The Two Worlds of Nagoya: New publication by Natural Justice and Public Eye

8 December 2016
Nagoya study

Discrepancies in implementing the Nagoya Protocol have consequences for access and benefit sharing.

A new report, published by Public Eye and Natural Justice, shows the large discrepancies between the EU ABS framework and emerging provider country laws in how they implement the Nagoya Protocol, and the consequences for access and benefit sharing.

The study will be presented at a side event during the 13th Conference of the Parties of the Convention on Biological Diversity in Cancún, Mexico on Wednesday 14 December 2016 at 18:15 in Side-event Room 2, Universal building.

It focuses on three issues:

1. The “temporal scope”

The EU Regulation takes the position that benefit sharing obligations are triggered by the physical access to a genetic resource (GR) or associated traditional knowledge (aTK) in the country of origin, and limits the obligations of users of GRs and aTK to uses of resources that have been accessed in provider countries after the Nagoya Protocol has been ratified by both the EU and the country of origin. This is in contrast with the understanding of most, if not all, provider countries, whose legislations consider that benefit sharing should be triggered by the utilization of GR and aTK. This should include any new utilization of GR and aTK after the entry into force of the Nagoya Protocol or the national ABS law of the provider country, even if the physical access took place before (as is the case with the majority of GR and aTK held in ex-situ collections, for instance).

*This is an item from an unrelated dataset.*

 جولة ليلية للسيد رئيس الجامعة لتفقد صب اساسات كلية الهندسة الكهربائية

2. Associated Traditional Knowledge

The EU regulation limits the aTK that falls under its provisions by defining it as “traditional knowledge held by an indigenous or local community that is relevant for the utilisation of genetic resources and that is as such described in the mutually agreed terms applying to the utilisation of genetic resources”. This definition – i.e. including only aTK that is mentioned in MAT – is concerning because it makes it near impossible to track the illegal access and utilisation of aTK, i.e. the utilisation of aTK which has been accessed without PIC (prior informed consent) and MAT.

3. The “import loophole”

A significant gap in the EU regulation exists because it requires due diligence only from users of GR and aTK within the EU – not from parties selling or otherwise commercially profiting from products based on GR and aTK which were developed outside of the EU and then imported.

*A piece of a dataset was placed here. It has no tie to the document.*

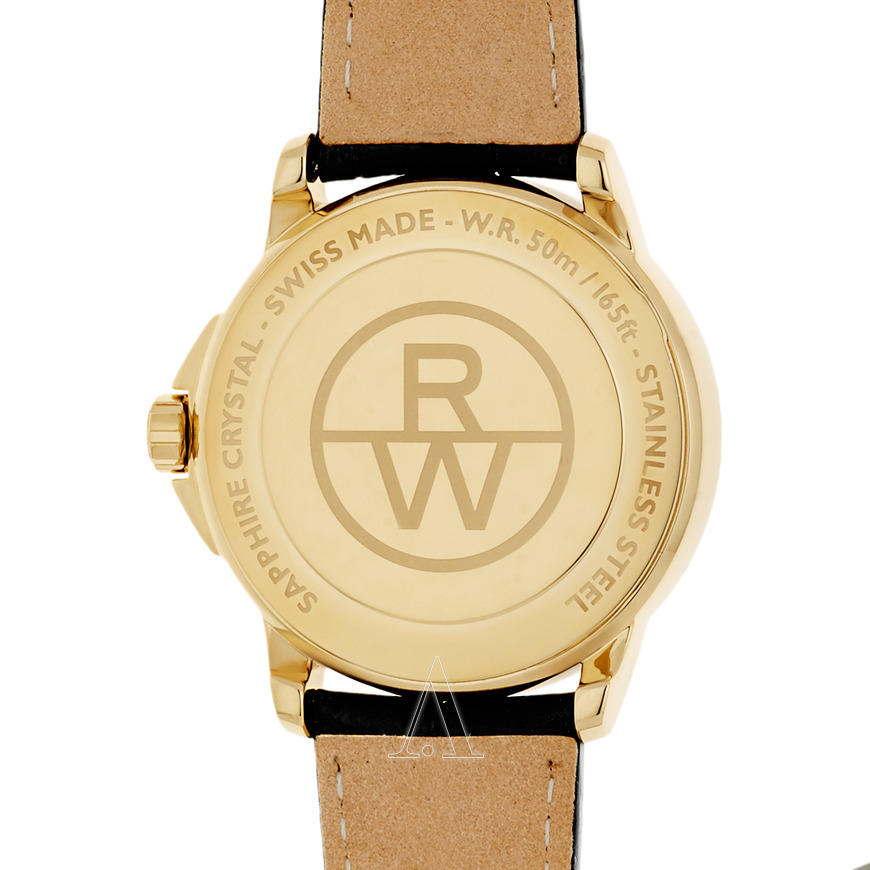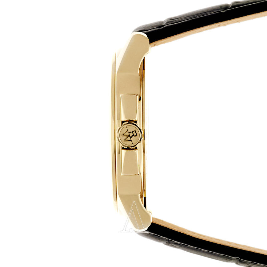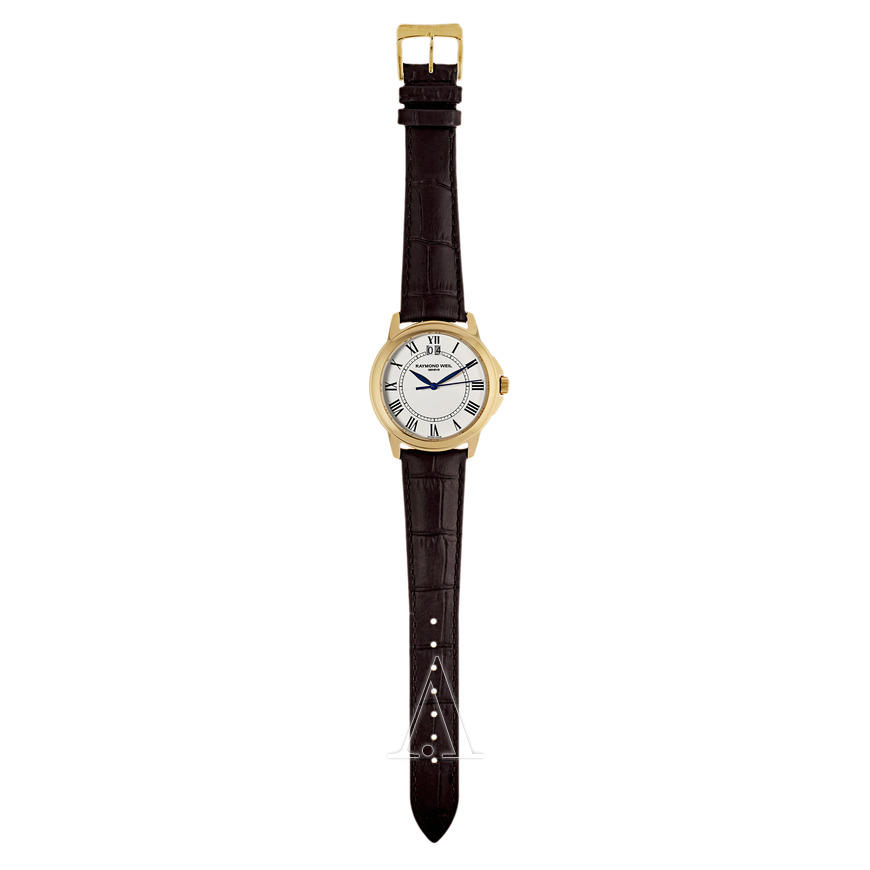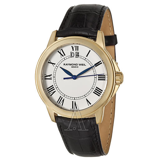 这款型号5476-P-00300的Raymond Weil雷蒙威Tradition系列男表,采用瑞士石英机芯,镀金色表壳搭配黑色真皮表带,38mm表径的表盘上,配有罗马数字时标和树叶状三针指针,12点钟位置显示日期,款式沉稳大气。

The study argues that these discrepancies between the EU regulation and provider country legislations will lead to legal uncertainty for providers and users alike. This in turn, if solutions are not found, could lead to more restrictive access measures by provider countries. It goes on to propose potential measures that can be taken by various actors to maintain the spirit of the CBD and the Nagoya Protocol, fulfil the rights of provider countries and of indigenous peoples and local communities, and achieve fair and equitable benefit sharing.